Comment by gurkenglas on Understanding “Deep Double Descent” · 2019-12-07T02:19:42.726Z · score: 15 (5 votes) · LW · GW

The bottom left picture on page 21 in the paper shows that this is not just regularization coming through only after the error on the training set is ironed out: 0 regularization (1/lambda=inf) still shows the effect.

Can we switch to the interpolation regime early if we, before reaching the peak, tell it to keep the loss constant? Aka we are at loss l* and replace the loss function l(theta) with |l(theta)-l*| or (l(theta)-l*)^2.

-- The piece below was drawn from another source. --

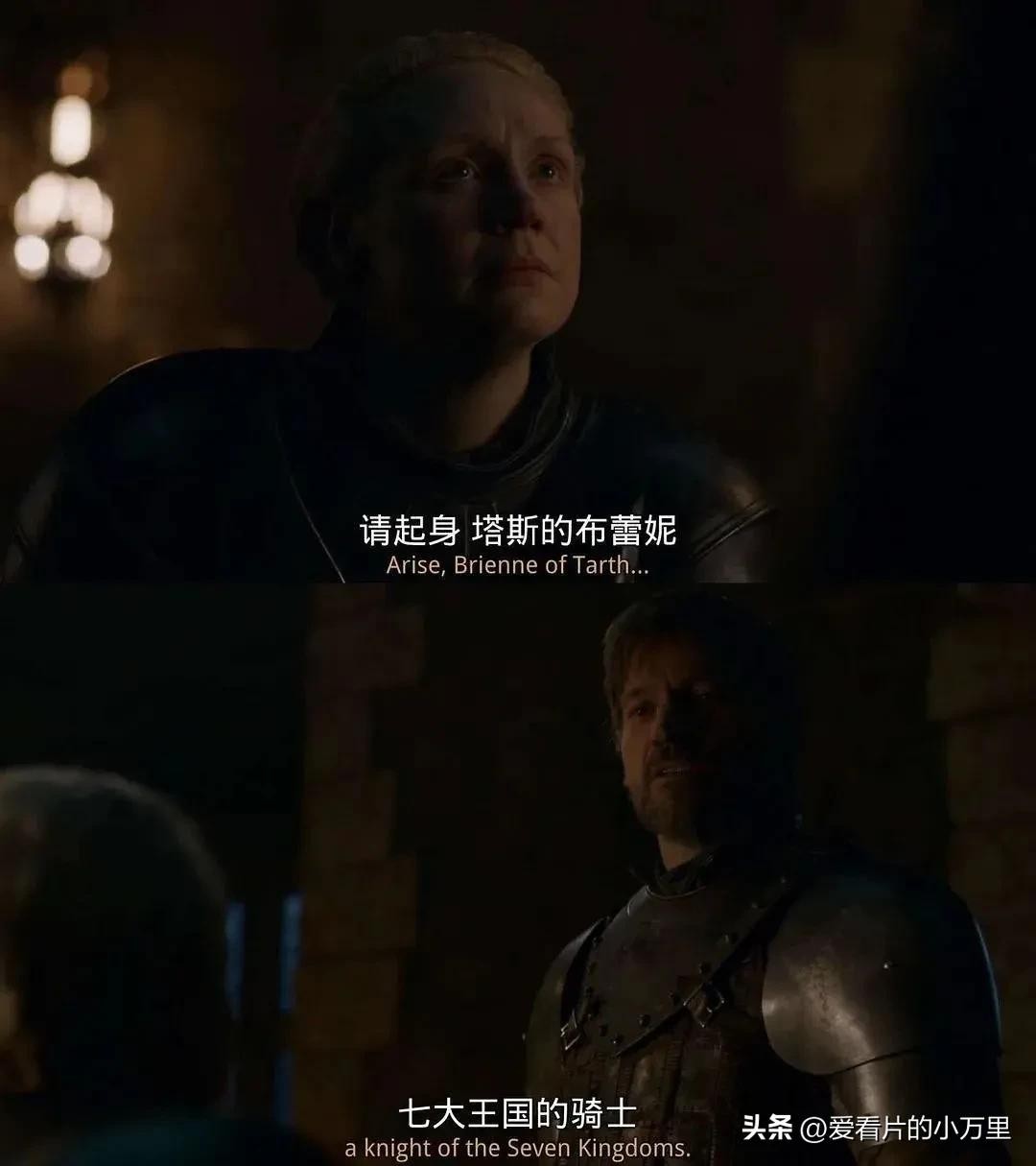 最后生死大战的前一晚,她被集体拥戴,受封为骑士。那一刻,我们都很感动。终于,布蕾妮实至名归了!

Comment by gurkenglas on Oracles: reject all deals - break superrationality, with superrationality · 2019-12-06T22:11:34.178Z · score: 2 (1 votes) · LW · GW

I haven't heard of these do-operators, but aren't you missing some modal operators? For example, just because you are assuming that you will take the null action, you shouldn't get that knows this. Perhaps do-operators in the end serve a similar purpose? Can you give a variant of the following agent that would reject all deals?

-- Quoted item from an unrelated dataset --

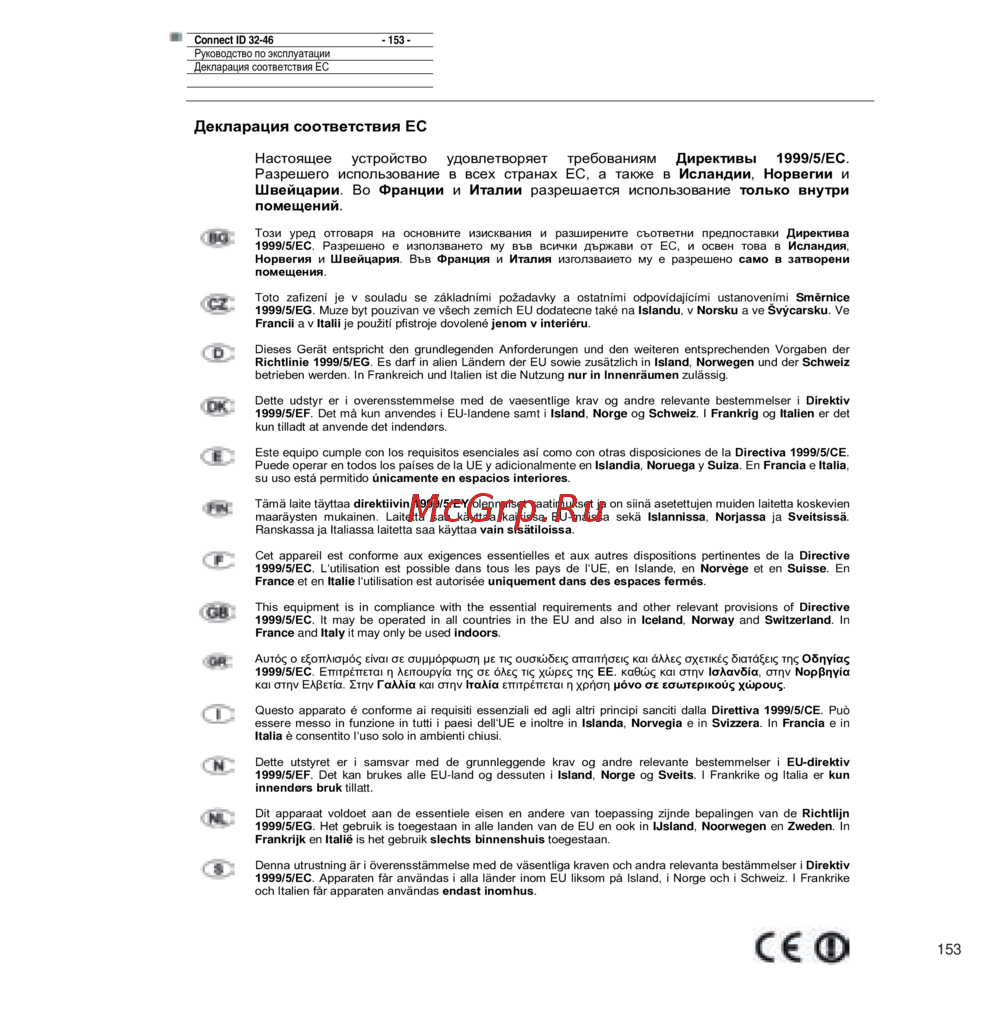 - Настоящее устройство удовлетворяет требованиям директивы 1999 5 ec p.153

Comment by gurkenglas on Breaking Oracles: superrationality and acausal trade · 2019-12-06T19:18:24.552Z · score: 2 (1 votes) · LW · GW

On that page, you have three comments identical to this one. Each of them links to that same page, which looks like a mislink. So's this link, I guess?

Comment by gurkenglas on On decision-prediction fixed points · 2019-12-05T20:28:24.244Z · score: 3 (2 votes) · LW · GW

As a human who has an intuitive understanding of counterfactuals, if I know exactly what a tic tac toe or chess program would do, I can still ask what would happen if it chose a particular action instead. The same goes if the agent of interest is myself.

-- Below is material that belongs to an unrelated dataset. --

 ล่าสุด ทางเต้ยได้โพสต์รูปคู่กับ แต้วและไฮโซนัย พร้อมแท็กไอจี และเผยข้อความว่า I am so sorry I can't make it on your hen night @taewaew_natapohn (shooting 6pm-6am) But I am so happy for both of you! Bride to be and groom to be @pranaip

Comment by gurkenglas on On decision-prediction fixed points · 2019-12-05T09:49:00.122Z · score: 4 (3 votes) · LW · GW

Someone who knows exactly what they will do can still suffer from akrasia, by wishing they would do something else. I'd say that if the model of yourself saying "I'll do whatever I wish I would" beats every other model you try and build of yourself, that looks like free will. The other was around, you can observe akrasia.

Comment by gurkenglas on Defining AI wireheading · 2019-11-29T00:19:21.793Z · score: 2 (1 votes) · LW · GW

The domes growing bigger and merging does not indicate a paradox of the heap because the function mapping each utility function to its optimal policy is not continuous. There is no reasonably simple utility function between one that would construct small domes and one that would construct one large dome, which would construct medium sized domes.

Comment by gurkenglas on Effect of Advertising · 2019-11-26T23:41:43.042Z · score: 7 (2 votes) · LW · GW

Perhaps those 99% could somehow come together to pay consumers of the product to stop buying it, in order to make their suffering matter to that advertiser?